Engineering at N26

Someone messaged me on LinkedIn while I was at N26. They wanted to apply but assumed the backend was mostly Java — verbose, legacy, not where they wanted to go. When I told them the reality was Kotlin microservices on Kubernetes, they changed their mind entirely.

That gap between outside perception and inside reality is why I wrote this. N26 had published a stack overview in 2018; by 2022 the picture had changed a lot. I had spent nearly three years inside it. This is the tour I wish I’d had on day one.

Snapshot in time

Written in September 2022, during my time at N26. Numbers, tooling, and migration percentages evolve — banks don’t stand still. For what came later on financial crime and stream processing, see Rebuilding Fraud Prevention from Scratch in Six Months.

The shape of the system

N26 is a licensed EU neobank. That sentence matters more than any framework choice: regulatory constraints, audit trails, and incident response aren’t afterthoughts — they’re load-bearing walls in the architecture.
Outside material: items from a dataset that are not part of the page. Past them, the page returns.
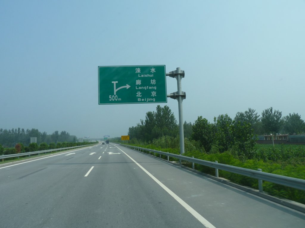 Our original strategy was to find a convenient car park, next to a park, and see what happened. By a chance google we found some references to camping parks in Beijing. It needed some extra chinese googling. A phone call to the one nearest the city found it not yet open but we could stay for free. This is the road from the ring road. |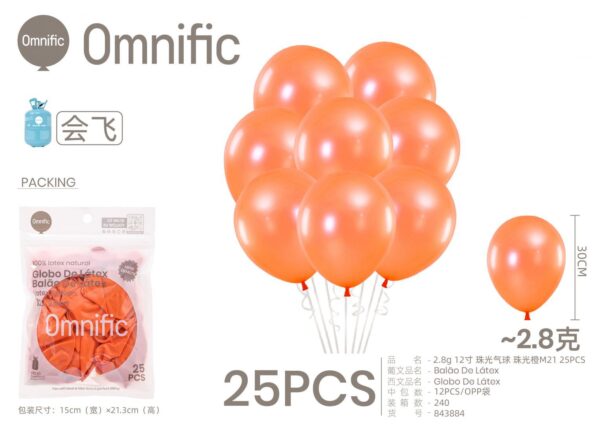 C.B. 5600936843884BALAO DE LATEX 12″ 30CM 2.8GR 25PCS LARANJA PEROLADO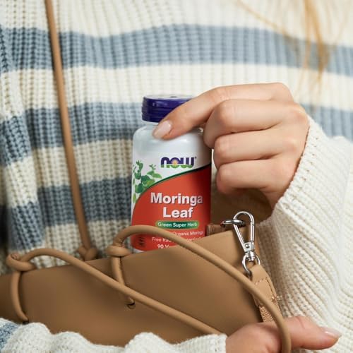 NOW Supplements, Moringa Leaf, Green Super Herb, Made with Organic Moringa, Free Radical Protection*, 90 Veg Capsules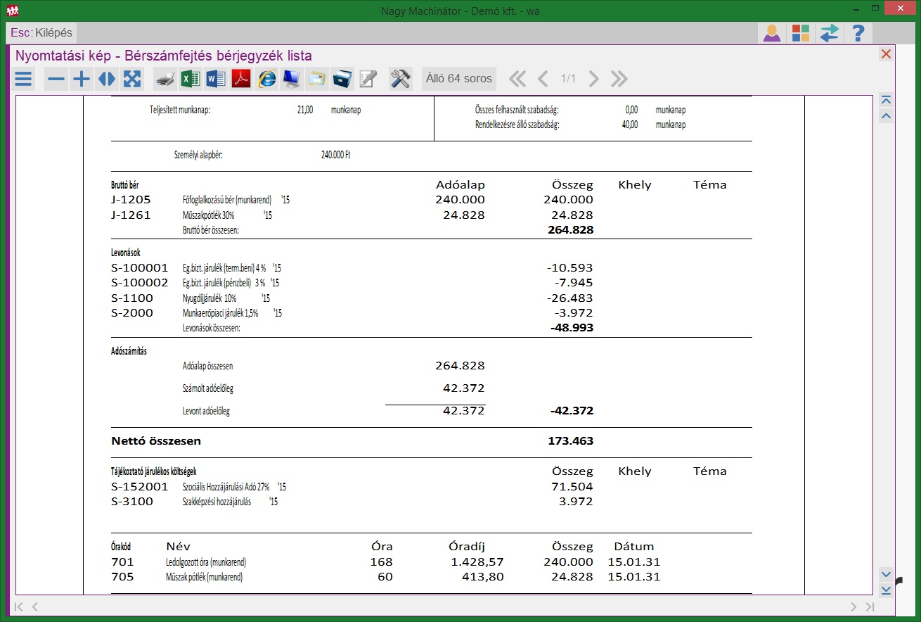 Január (mivel a dolgozónak nem volt semmi olyan jogcíme, amely korrekciót igényelne a munkaidőkeret szempontjából, ezért mindegy melyik formátumban kérjük le a bérjegyzéket)

At a high level, here’s what we were running:

Stack at a glance (2022)

Product surface

Mobile apps and web, backed by API gateways and BFF-style services. Customer-facing latency is the metric everyone feels.

RESTmobileAPI gateway

Microservices

Roughly 230 services, heavily JVM/Kotlin, communicating over HTTP and increasingly over events. The default unit of ownership.

KotlinJavaPythonTypeScript

Event layer

Async backbone for decoupling — SQS and Kinesis where they fit, Apache Kafka where we needed scale, resilience, and replay.

KafkaKinesisSQS

Data

100+ PostgreSQL instances, standardized provisioning, compliance baked into how databases get created.

PostgreSQLIaCML pipelines

Platform

Kubernetes everywhere, GitHub Actions + Argo CD for delivery, Datadog + ELK (moving to OpenSearch) for observability.

KubernetesArgo CDDatadog

9k+

Containers under management

~230

Microservices in the distributed stack

3 TB

Daily inter-service traffic (10 TB at peak)

100+

PostgreSQL databases, provisioned via PR

Everything lives in the cloud. At this scale, “we’ll fix the deploy later” is a business risk, not a backlog item.

Containers everywhere

When I say everything lives in the cloud, I mean it literally — including the orchestration layers we outgrew.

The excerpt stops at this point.